毎年恒例の医療連携の会@自由が丘。もう14回目になる。改めて時の流れの速さに驚く。

開院当初は文字通り「オープンホスピタル」として病院の待合ロビーで研究会や講演会をして、連携医(アテンディング・ドクター)と語り合い、病院の紹介や連携の組織作りをしたものだ。規模も徐々に大きくなり、近くの中華レストランでやるようになってから、もうかなり経つ。7ー8年か。今でこそ笑い話だけれど、開院当初は医師会からバッシングを受けて、日々気苦労が多かった。それに突然やって来た「正体不明のよそ者」に対する地域の厳しい目。ヘンな噂を立てられたり。当時僕は40歳になったばかりで、自信過剰でコワいもの知らずだったので、院長などというストレスフルな仕事を引き受ける気になったんだろう。ワカゲノイタリともいえるし、まさしく人生における「縁」なのだけれど。

自分たちにできることを真摯に正直に心をこめて診療すること(だってソレしかないじゃないか!)、それを日々継続することにより、少しづつ少しづつ周囲の信頼感を熟成していったのだ。そう、まさに「信頼を熟成」すること。「戦略」というより「そうせざるを得ない状況」だった。数年経ち、僕自身医師会の仕事に関与するようになって、地域の医療を俯瞰的に観られるようになった事も大きいと思う。

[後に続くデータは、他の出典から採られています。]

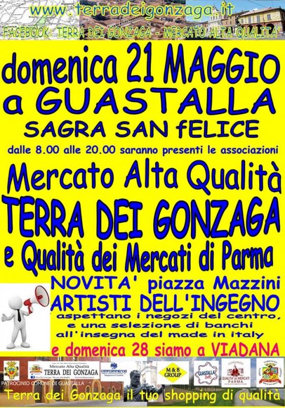 Dalle ore 8:00 alle 20:00 saranno presenti Mercato Alta Qualità Terra dei Gonzaga e Qualità dei Mercati di Parma.

日本中の小規模の急性期病院が厳しい医療情勢の中で四苦八苦し、ばたばた倒産や廃院する中で、僕らはチームワークとフットワークだけを武器にして何とかサヴァイヴした。もちろん、病院グループ(TMG)からの支援なくしては成し得なかったことは明らかだ。そして、あっという間に14年。医師としての仕事は現在進行形で過去を振り返って、まだ「総括」する歳ではないけれど、小さいながらも組織をとりまとめる立場としては、あの辛い時期があったから今の自分(と「場」としての病院)があると、常々自戒することにしている。